After 7 years living in the US we fell in love in America and with the Americans. We had to move back to our country because we were needed by our families (health and stuff). Even if it’s not going to be soon, we want to go back to the States when we’ll be able to do that (10-15 years we believe). Of course our nest egg of $632k doesn’t go as far as it goes in our country. The lifestyle we have with annual spending of 13k here would cost us at least 30k in the US (with no mortgage or rent to pay). So we either need to make our money grow in the next 10 years (difficult to do as you can see from the previous post), get jobs when we are in the US or both.

But what to do in the meantime? Apart from managing our nest egg we took one of Suze Orman’s (which I know is not very highly regarded on this board, but she was available on national television when we started thinking about saving/investing, so very convenient to get tips from) advices. About 5 years ago she said something very interesting. The best investment one could make is in his/her education. You never know what future may bring you. You could lose everything, but nobody can take away your education, so in case of a needed fresh start education can give you the upper hand. Although we are not pessimistic, we feel the need for security.

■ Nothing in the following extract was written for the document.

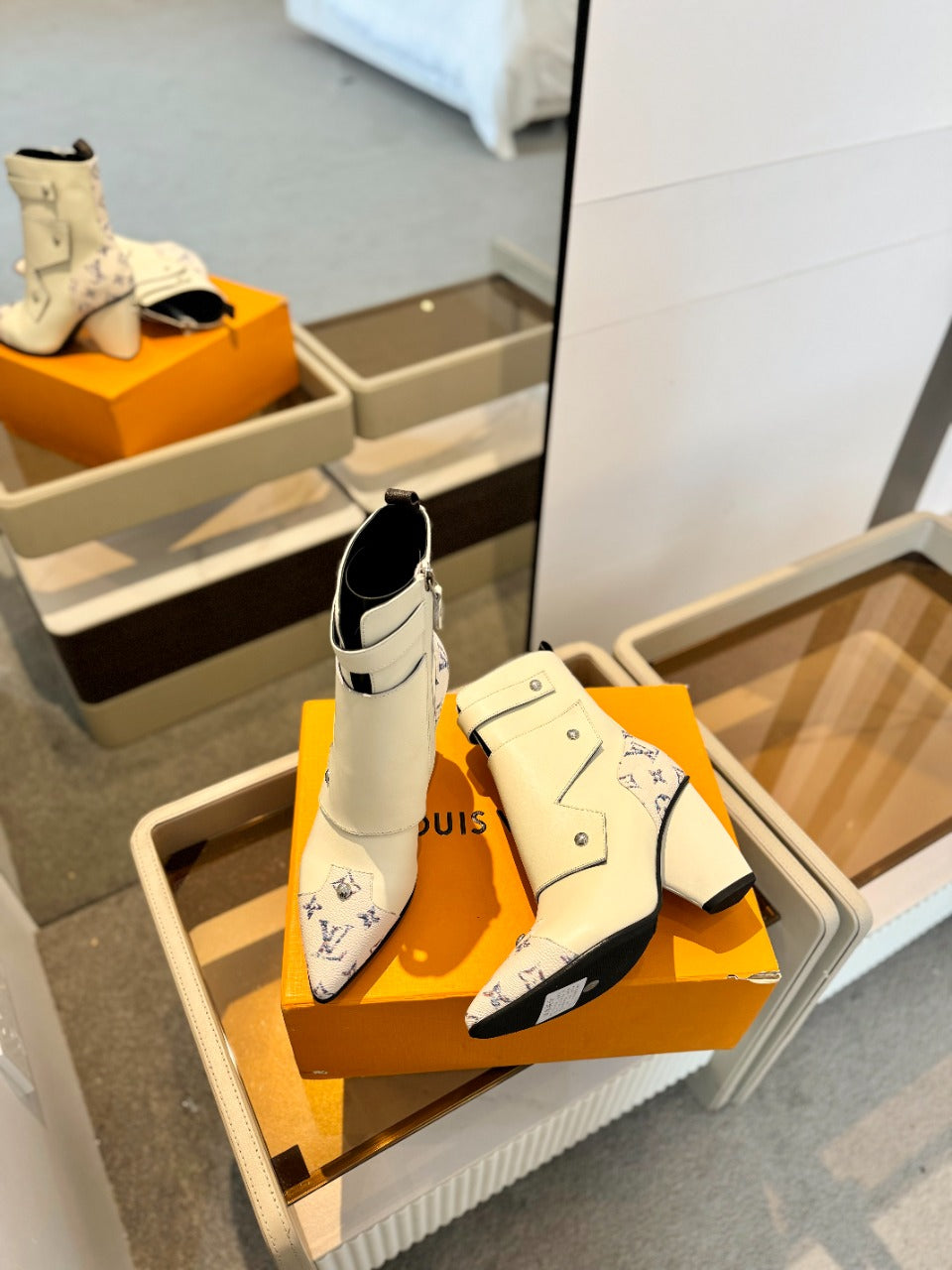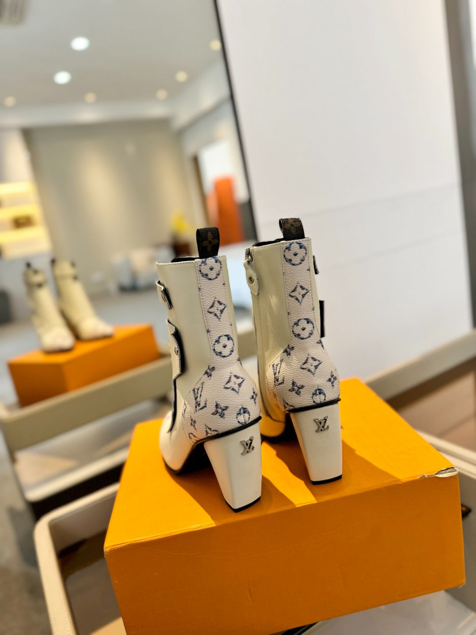 LV Trinity Ankle Boot 75mm White Monogram Calfskin

We like to have control (as much as one can have) over our lives.

Wages in our country are around $1,000-$1,200 / mo, of which only half are take-home money, the rest being income tax, health system tax, social services tax and so on. Because this is low, especially comparing to the money we used to make in the US, the only incentive for us to work here is doing something that we really like, something that we would enjoy. Do it more as a hobby. Because of this we are studying for a degree which would allow us such a job: my wife is studying interior design, I’m studying to become a teacher (I always liked the idea). We are both actually studying to get 2 degrees. Apart from the ones that we like, we chose to get a degree in something that could help us making more money if/when we needed and something related to our jobs in the US: Business Administration. School fees were paid in full for two degrees (18000), for the other two we have money set apart (around the same amount), so this wouldn’t come out of our nest egg.

With studying for two degrees at the same time (in part for “love of learning” as FreqFlyer calls it, in part seen as an investment in ourselves), with working on our rentals and with taking care of our families, there is not much time left for something else.